▶ Provided material
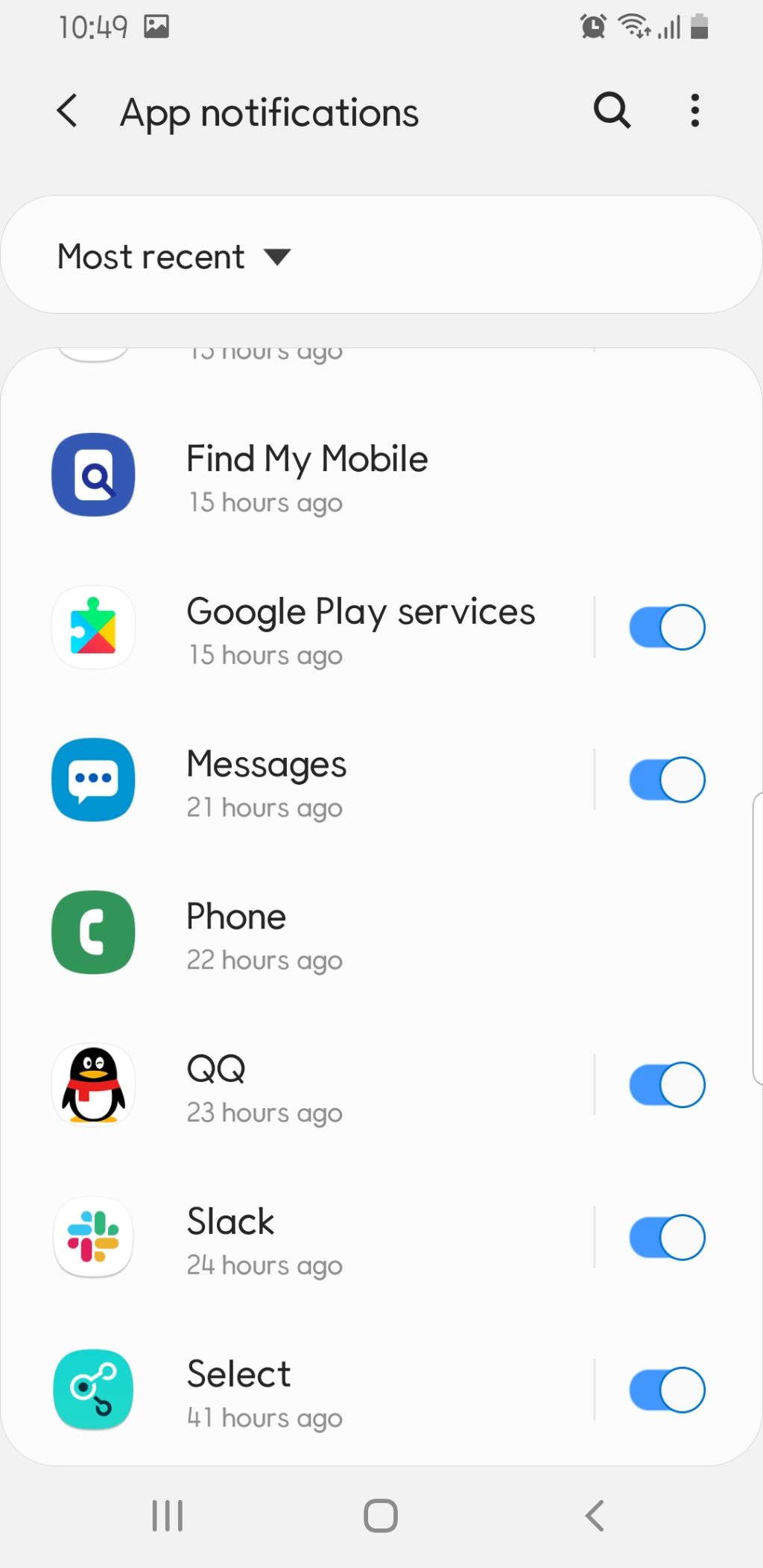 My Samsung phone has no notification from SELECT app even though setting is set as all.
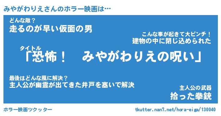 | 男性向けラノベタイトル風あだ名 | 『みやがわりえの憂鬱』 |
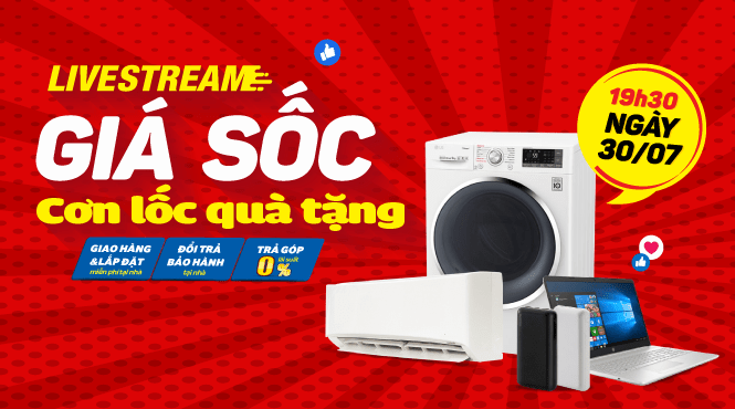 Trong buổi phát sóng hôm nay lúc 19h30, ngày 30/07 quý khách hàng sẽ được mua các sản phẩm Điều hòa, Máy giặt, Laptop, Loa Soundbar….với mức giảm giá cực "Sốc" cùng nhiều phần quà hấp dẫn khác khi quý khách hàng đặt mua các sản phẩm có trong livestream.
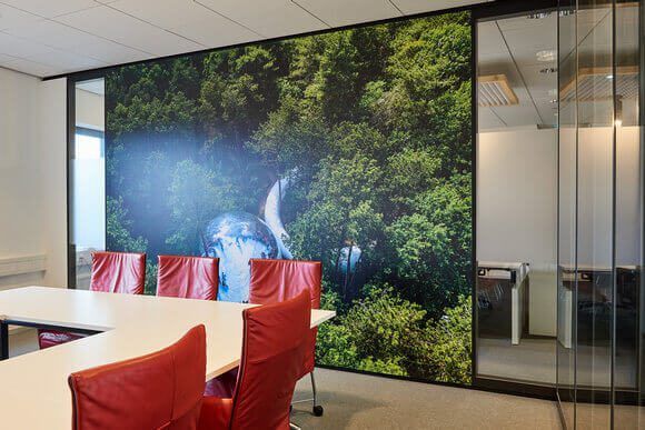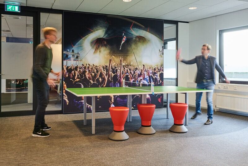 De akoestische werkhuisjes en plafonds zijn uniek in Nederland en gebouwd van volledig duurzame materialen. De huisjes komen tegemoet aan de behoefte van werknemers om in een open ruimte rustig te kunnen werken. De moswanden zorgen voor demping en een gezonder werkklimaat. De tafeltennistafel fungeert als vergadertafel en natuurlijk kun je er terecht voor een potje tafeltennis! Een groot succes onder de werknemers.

---

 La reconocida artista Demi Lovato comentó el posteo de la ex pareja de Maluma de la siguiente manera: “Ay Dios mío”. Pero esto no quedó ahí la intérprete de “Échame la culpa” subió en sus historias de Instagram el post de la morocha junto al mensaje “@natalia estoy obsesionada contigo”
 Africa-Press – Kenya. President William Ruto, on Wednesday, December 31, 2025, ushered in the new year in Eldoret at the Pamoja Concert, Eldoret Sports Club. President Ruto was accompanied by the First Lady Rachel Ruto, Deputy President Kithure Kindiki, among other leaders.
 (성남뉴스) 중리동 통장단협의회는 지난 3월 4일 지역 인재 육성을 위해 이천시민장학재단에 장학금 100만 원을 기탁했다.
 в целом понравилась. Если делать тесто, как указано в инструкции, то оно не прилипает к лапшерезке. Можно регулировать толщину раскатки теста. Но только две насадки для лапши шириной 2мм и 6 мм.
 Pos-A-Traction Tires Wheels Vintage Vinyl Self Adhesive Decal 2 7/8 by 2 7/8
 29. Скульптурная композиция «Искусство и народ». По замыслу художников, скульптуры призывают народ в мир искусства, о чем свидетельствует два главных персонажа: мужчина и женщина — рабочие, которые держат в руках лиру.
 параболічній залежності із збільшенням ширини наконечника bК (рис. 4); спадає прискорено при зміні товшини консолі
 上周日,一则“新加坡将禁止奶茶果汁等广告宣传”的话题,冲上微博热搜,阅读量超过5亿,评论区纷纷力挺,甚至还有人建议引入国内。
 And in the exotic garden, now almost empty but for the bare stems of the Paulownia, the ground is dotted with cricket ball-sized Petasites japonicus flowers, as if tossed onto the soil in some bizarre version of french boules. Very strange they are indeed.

--

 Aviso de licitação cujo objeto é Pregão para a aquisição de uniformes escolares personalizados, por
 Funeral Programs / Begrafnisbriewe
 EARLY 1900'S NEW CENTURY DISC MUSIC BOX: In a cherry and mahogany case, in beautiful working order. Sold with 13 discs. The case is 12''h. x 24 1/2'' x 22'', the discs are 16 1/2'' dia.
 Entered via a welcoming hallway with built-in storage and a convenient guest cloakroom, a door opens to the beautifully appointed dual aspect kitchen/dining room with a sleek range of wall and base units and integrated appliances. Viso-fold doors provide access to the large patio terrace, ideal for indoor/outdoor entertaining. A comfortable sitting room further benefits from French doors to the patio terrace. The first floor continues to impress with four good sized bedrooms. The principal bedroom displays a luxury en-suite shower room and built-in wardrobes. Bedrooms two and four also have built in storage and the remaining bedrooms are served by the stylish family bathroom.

▶ Exercise instructions
What's needed is an exact copy of the lines above from the one with "My Samsung phone" through the one with "Trong buổi phát", both included; the pictures stay out.

▶ Answer box
 My Samsung phone has no notification from SELECT app even though setting is set as all.
 | 男性向けラノベタイトル風あだ名 | 『みやがわりえの憂鬱』 |
 Trong buổi phát sóng hôm nay lúc 19h30, ngày 30/07 quý khách hàng sẽ được mua các sản phẩm Điều hòa, Máy giặt, Laptop, Loa Soundbar….với mức giảm giá cực "Sốc" cùng nhiều phần quà hấp dẫn khác khi quý khách hàng đặt mua các sản phẩm có trong livestream.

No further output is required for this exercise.